Unfortunately, MATLAB doesn't have a very good general-purpose, numerical differentiation routine. Part of the reason for this is probably because choosing a good routine can be difficult!
So what kinds of methods are there? What routines exist? How can we choose a good routine for a particular problem?
There are several considerations when choosing how to differentiate in MATLAB:
Do you have a symbolic function or a set of points?
Is your grid evenly or unevenly spaced?
Is your domain periodic? Can you assume periodic boundary conditions?
What level of accuracy are you looking for? Do you need to compute the derivatives within a given tolerance?
Does it matter to you that your derivative is evaluated on the same points as your function is defined?
Do you need to calculate multiple orders of derivatives?
What's the best way to proceed?
These are just some quick-and-dirty suggestions. Hopefully somebody will find them helpful!
1. Do you have a symbolic function or a set of points?
If you have a symbolic function, you may be able to calculate the derivative analytically. (Chances are, you would have done this if it were that easy, and you would not be here looking for alternatives.)
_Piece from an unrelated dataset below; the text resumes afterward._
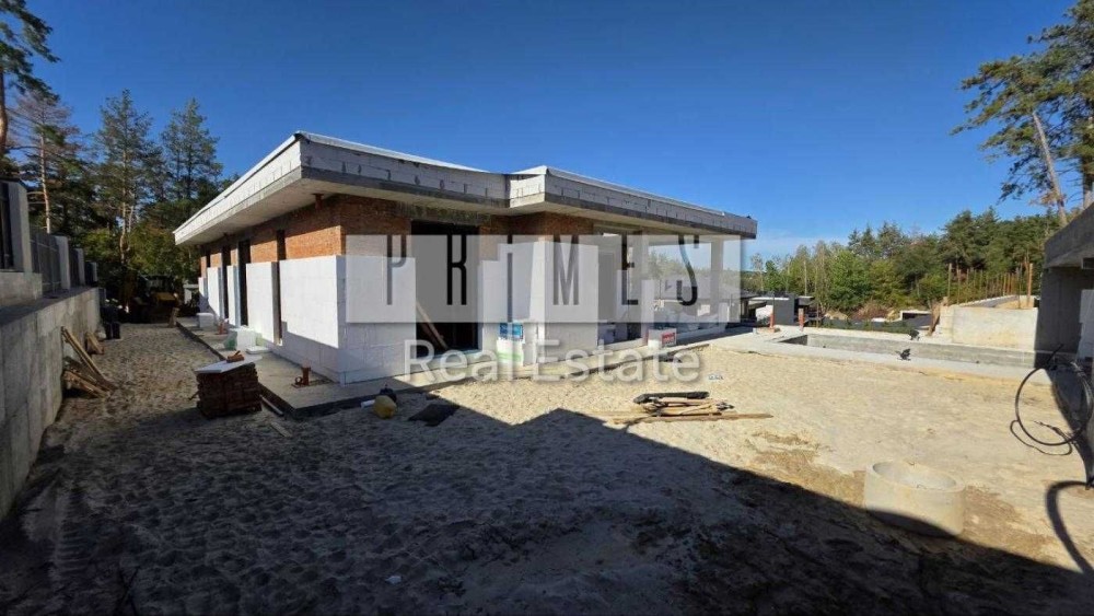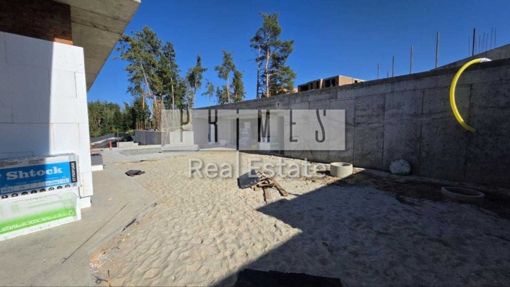 Сучасний будинок біля сосна з цегли знаходиться в закритому котеджному містечку з охороною, площею 315 м2 з цоколем гараж 70 м2 54м2 тераса навіс на 2 авто, додатково паркомісця. Басейн. Перекриття моноліт. Устіл 4 м. Сауна 35 м2.

If you have a symbolic function and cannot calculate the derivative analytically, you can always evaluate the function on a set of points, and use some other method listed on this page to evaluate the derivative.
In most cases, you have a set of points (xi,fi), and will have to use one of the following methods....
2. Is your grid evenly or unevenly spaced?
If your grid is evenly spaced, you probably will want to use a finite difference scheme (see either of the Wikipedia articles here or here), unless you are using periodic boundary conditions (see below). Here is a decent introduction to finite difference methods in the context of solving ordinary differential equations on a grid (see especially slides 9-14). These methods are generally computationally efficient, simple to implement, and the error of the method can be simply estimated as the truncation error of the Taylor expansions used to derive it.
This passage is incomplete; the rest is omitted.